President of the Presidency of the LCY Central Committee
- In office 20 October 1981 – 29 June 1982
- Preceded by: Lazar Mojsov
- Succeeded by: Mitja Ribičič

Secretary of the Executive Committee of the League of Communists of Croatia
- In office 9 April 1974 – 26 April 1978
- President: Josip Vrhovec
- Preceded by: Pero Pirker
- Succeeded by: Milutin Baltic

Personal details
- Born: 1 December 1919 Gospić, Kingdom of Serbs, Croats, and Slovenes (modern Croatia)
- Died: 21 December 2014 (aged 95) Zagreb, Croatia
- Party: League of Communists of Yugoslavia (SKJ)
- Alma mater: University of Zagreb (Faculty of Law)

= Dušan Dragosavac =

Yugoslav politician

Dušan Dragosavac (Душан Драгосавац; 1 December 1919 – 21 December 2014) was a Croatian Serb politician who served as President of the League of Communists of Yugoslavia from 20 October 1981 until 29 June 1982.
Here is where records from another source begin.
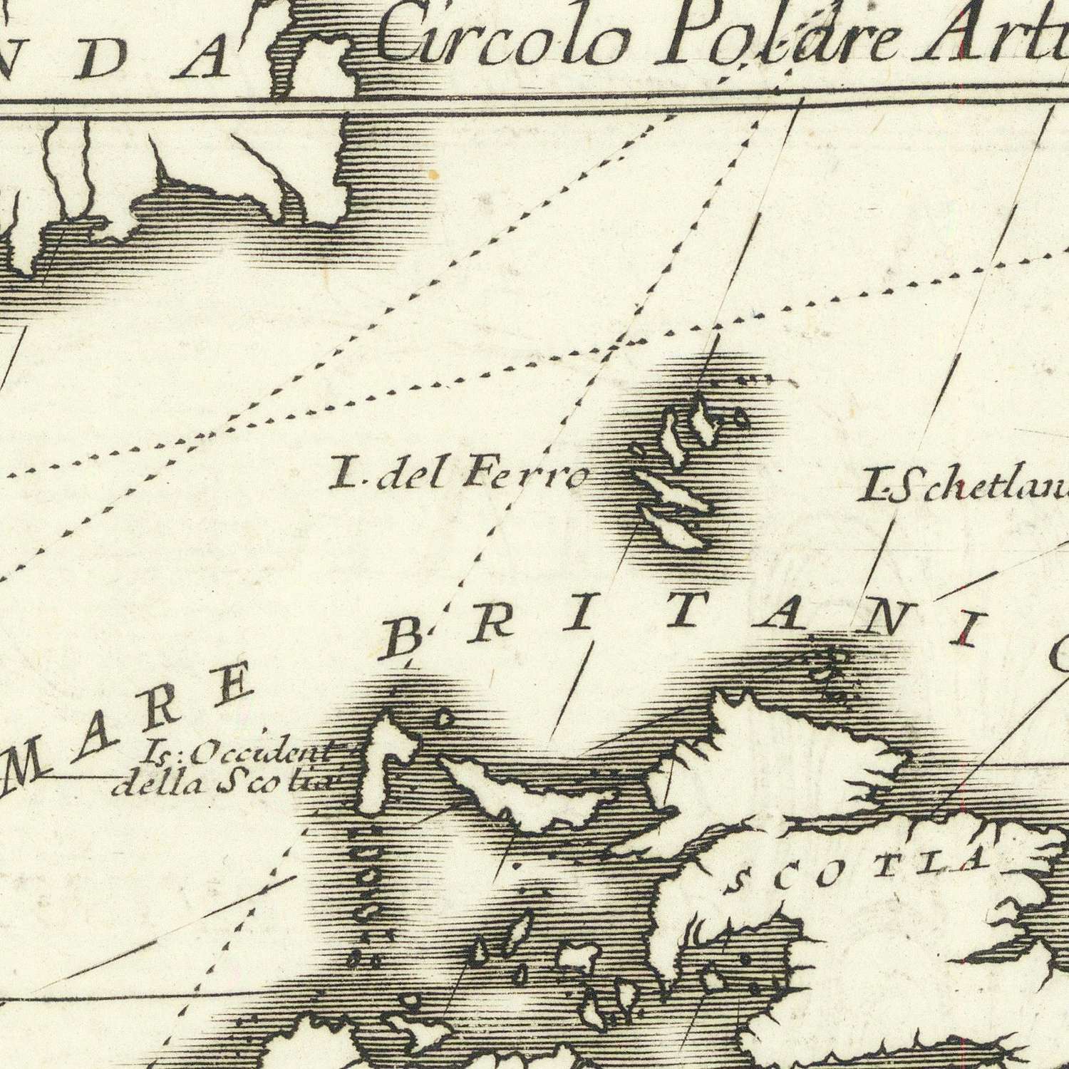 The map bears the unmistakable intellect and bravura of Vincenzo Maria Coronelli, Franciscan friar, cosmographer to the Republic of Venice, and among the most accomplished geographical minds of the seventeenth century. Revered for his monumental globes for Louis XIV and for founding the Accademia degli Argonauti, Coronelli fused empirical data with a theatrical sense of design. Issued at the moment when his Atlante Veneto was reshaping Europe’s understanding of the world, Mare Del Nord distills his method: exacting hydrographic intelligence rendered with lapidary lettering and high-contrast ornament, all organized within a navigational framework consistent with the Mercator tradition that pilots used to plot constant bearings across the oceans.
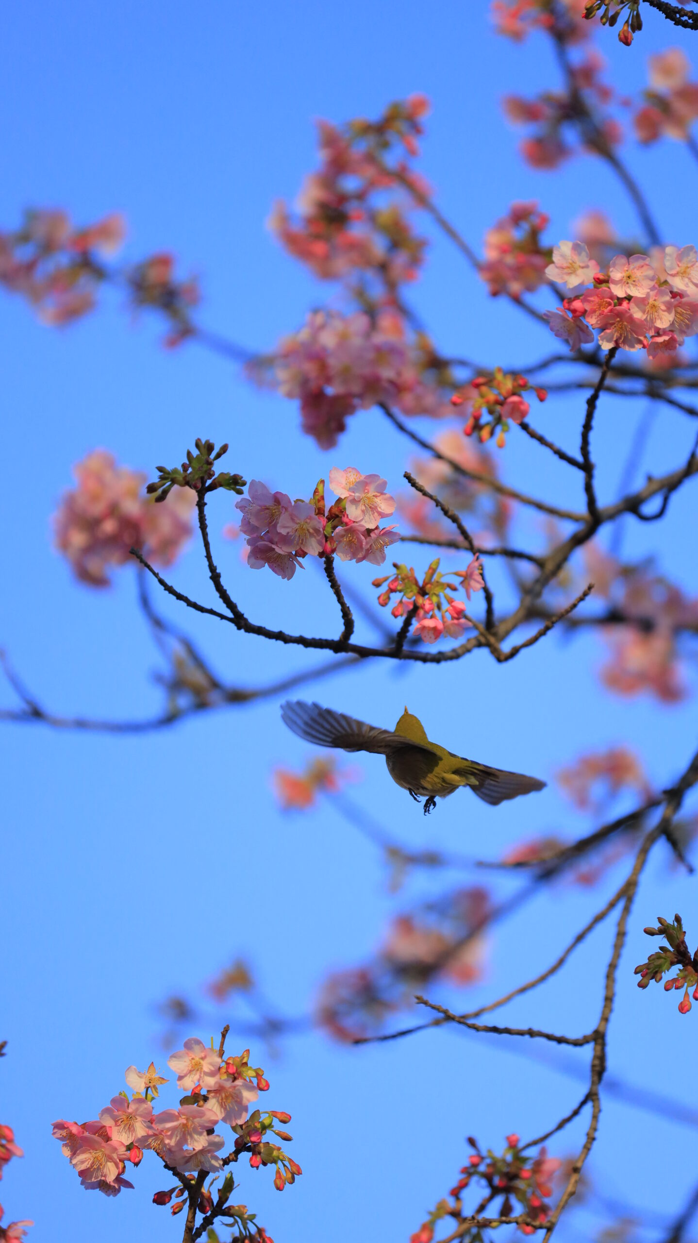 汐入公園で、河津桜へ向かって飛ぶメジロの躍動感を写した春のワンシーン
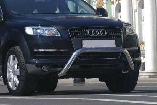 Передняя решетка Audi Q7 (кенгурятник) – это защитная дуга на бампер из нержавеющей стали диаметром 76 мм.
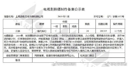 【三体将拍电视剧? 预计9月开拍共24集】据报道,知名科幻小说《三体》要拍电视剧了。广电总局5月电视剧备案公示显示,电视剧《三体》通过备案,由上海游族文化传媒有限公司出品,预计今年9月开拍,共24集,制作周期12个月。值得一提的是,早在2016年,剧版《三体》就出现在备案信息中,不过电视剧迟迟未与观众见面。你支持《三体》拍剧吗?期待谁来主演?
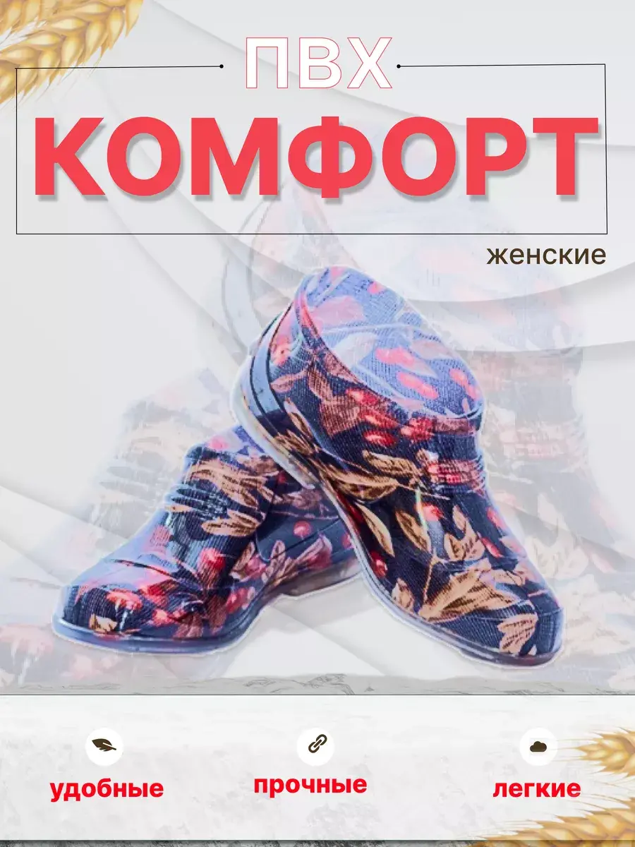 Галоши - обувь для дома и дачи, сада и огорода. Эта модель коротких резиновых полусапогов для женщин благодаря продуманному модному дизайну не только практичная, но и стильная. Для изготовления используется качественный плотный ПВХ, который не вызывает раздражений кожи, а также в отличие от материала эва гибкий и не боится высоких температур, поэтому используется в производстве спецобуви. Благодаря методам производства, силиконовые галоши мягкие и эластичные, на сгибах не образуются заломы и трещины. Водоотталкивающий материал обеспечивает надежную защиту от дождя весной, летом и осенью. Непромокаемые высокие голоши без утеплителя - отличный летний вариант обуви для дачных, садовых и строительных работ, а также туризма. Короткая, в меру низкая садовая спецобувь свободно сидит на ноге и не давит на пятки. Калоши женские резиновые надеваются и снимаются без труда и по сути являются домашними тапочками для улицы. Благодаря технологии изготовления, низкие сапоги из ПВХ являются самым водонепроницаемым видом защитной обуви, неприхотливы в уходе, их легко мыть и чистить, можно хранить в домашних или уличных условиях. Колоши летние имеют универсальную полноту и подойдут для широкой ноги и узкой стопы. Нескользящие силиконовые полусапожки идеальны для весенней и осенней погоды. Милые галоши с декоративным принтом отлично подойдут для пожилых женщин. Их можно надеть на прогулку с собакой или взять с собой в поход или на рыбалку.
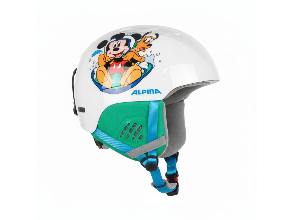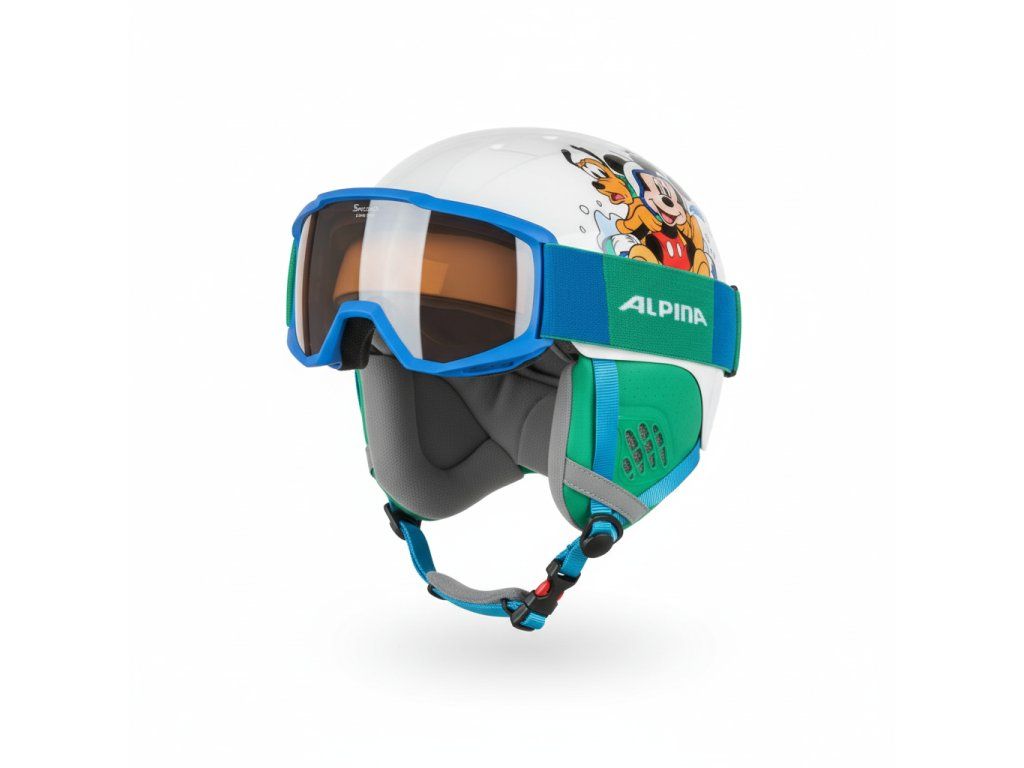 Dětský lyžařský set Alpina Sport CARAT DISNEY SET MICKEY se skládá z lyžařských brýlí Alpina Piney a helmy Alpina Carat, která je potištěná unikátním designem. Alpina Piney jsou výborné lyžařské brýle se systémem Singleflex a HICON. Systémem Singleflex zaručuje 100 % UV-A, UV-B a UV-C ochranu do 400nm. Díky technologii Fogstop nedochází k zamlžování tvrzených čoček. Měkké polstrování zajišťuje velmi vysoký stupeň pohodlnosti. Lyžařská helma Alpina Carat je velmi bezpečná a pohodlná dětská helma s pevnými polstrovanými chrániči přes uši. Technologie Inmold zaručuje bytelnost a lehkost helmy. Regulační kolečko (Run system) umožní snadno a rychle uzpůsobit velikost helmy potřebám každého uživatele, čímž helma pevně sedí na hlavě. Vnitřek helmy se dá vyjmout a vyčistit. Vzduchové ventily zajišťují dostatečné odvětrávání. Tuto kombinaci si děti určitě zamilují.
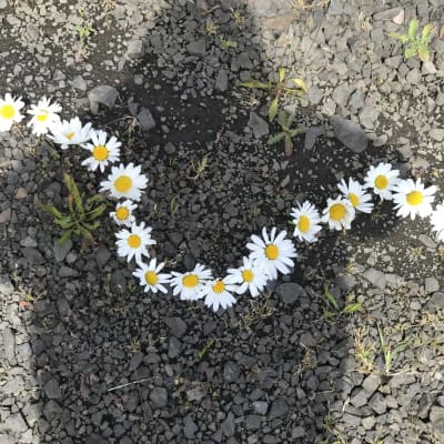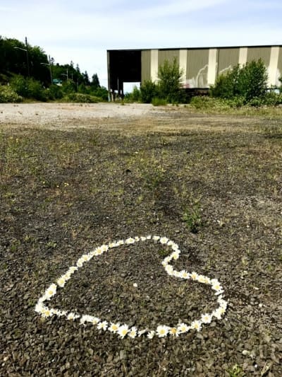 So I placed my daisies in the shape of a heart, out in the middle of the graveled field. Then I stood in the middle of the heart, closed my eyes, and envisioned a park here. I saw it with its soil cleaned of any hazardous waste, with grass and trees, local art sculptures and meandering walkways, and children and families playing. Then I photographed the beauty I had created, to share with you all. May those moments help to move this sweet spot on our dear Pachamama into a new direction for all of us Beings who call this place home.
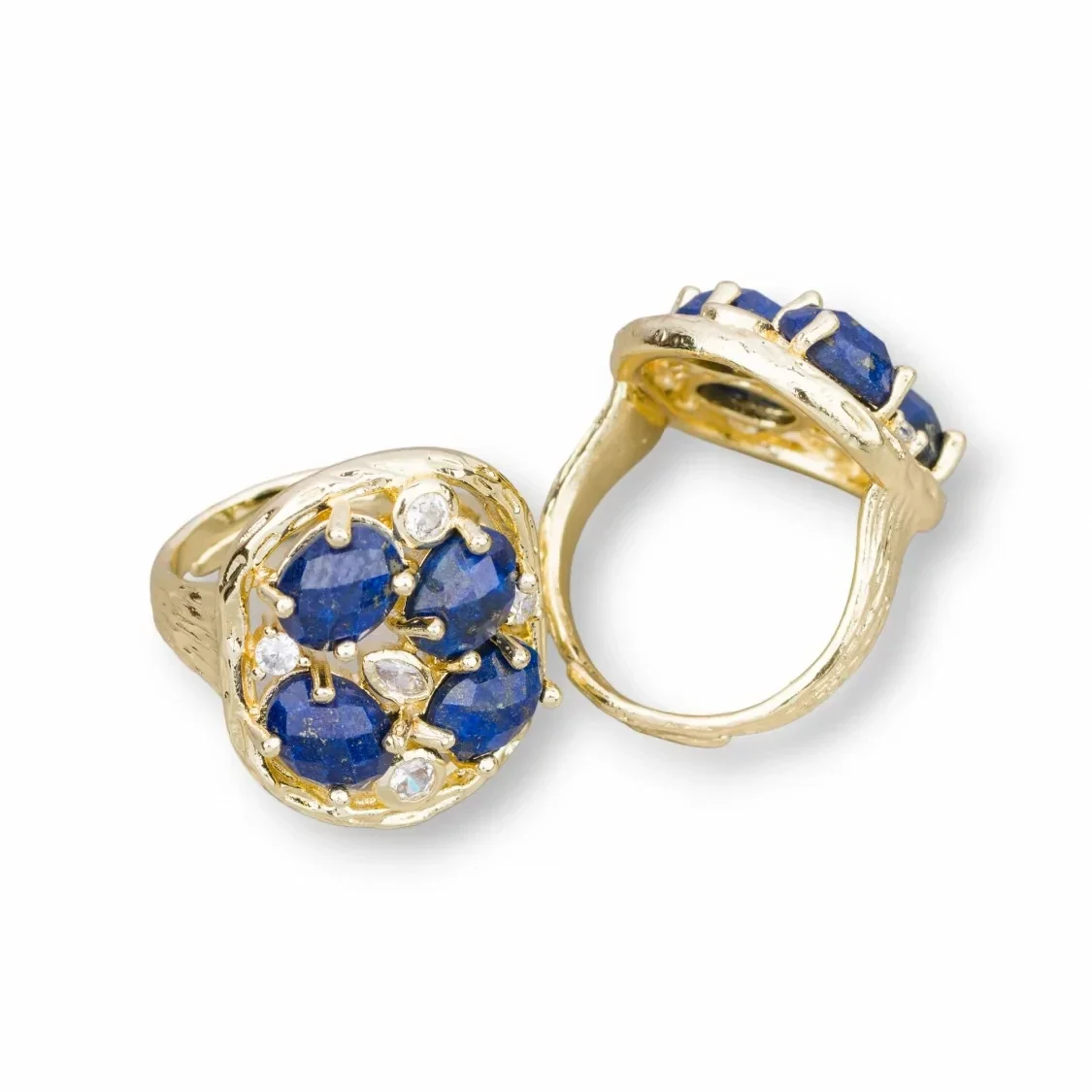 Bronzen ring met halfedelstenen en zirkonen, 20x23 mm, verstelbare maat, gouden lapis lazuli
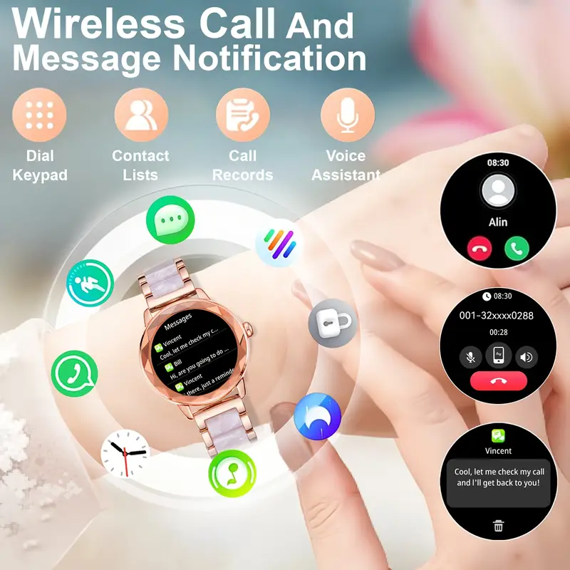 The RESOPINDA 2025 Women’s Smartwatch combines elegant style with advanced smart features, designed specifically for modern women. With a 1.19-inch TFT display, wireless calling, and female-focused health functions, this smartwatch provides convenience, wellness tracking, and sophistication in one compact device.
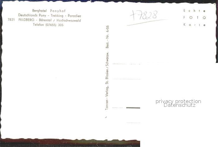 41812103 Feldberg Schwarzwald Berghotel Ponyhof Pony postalisch nicht gelaufen Erhaltung siehe scans KatCode: 11110008315037
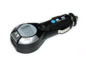 晨拓MP-308车载音乐电台被称为有车族的福音,它的外观十分小巧,整个产品看上去就像是一把大钥匙。它是利用汽车上的点烟器来工作的,因此接头采用专用的设计,前面是与车上的点烟器相匹配的接头,后面则是一个USB接口,中间有绿色的指示灯,当你将它与点烟器正确连接之后,指示灯就会处于闪烁状态,提示你它目前工作正常。
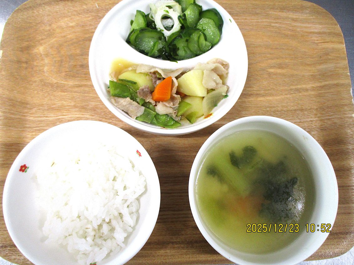 ・麦ごはん ・肉じゃが ・きゅうりとちくわの酢の物 ・味噌汁」(小松菜)

Born in the village of Vrebac near Gospić, Dragosavac graduated from the University of Zagreb Faculty of Law. He joined the Young Communist League of Yugoslavia (SKOJ) in 1941 and the League of Communists of Yugoslavia (SKJ) in 1942. During World War II he was a member of the Yugoslav Partisans. After the war he spent his entire career in politics and since the 1950s held various senior positions in the League of Communists of Croatia (SKH), the Croatian branch of the SKJ. He died on 21 December 2014, aged 95.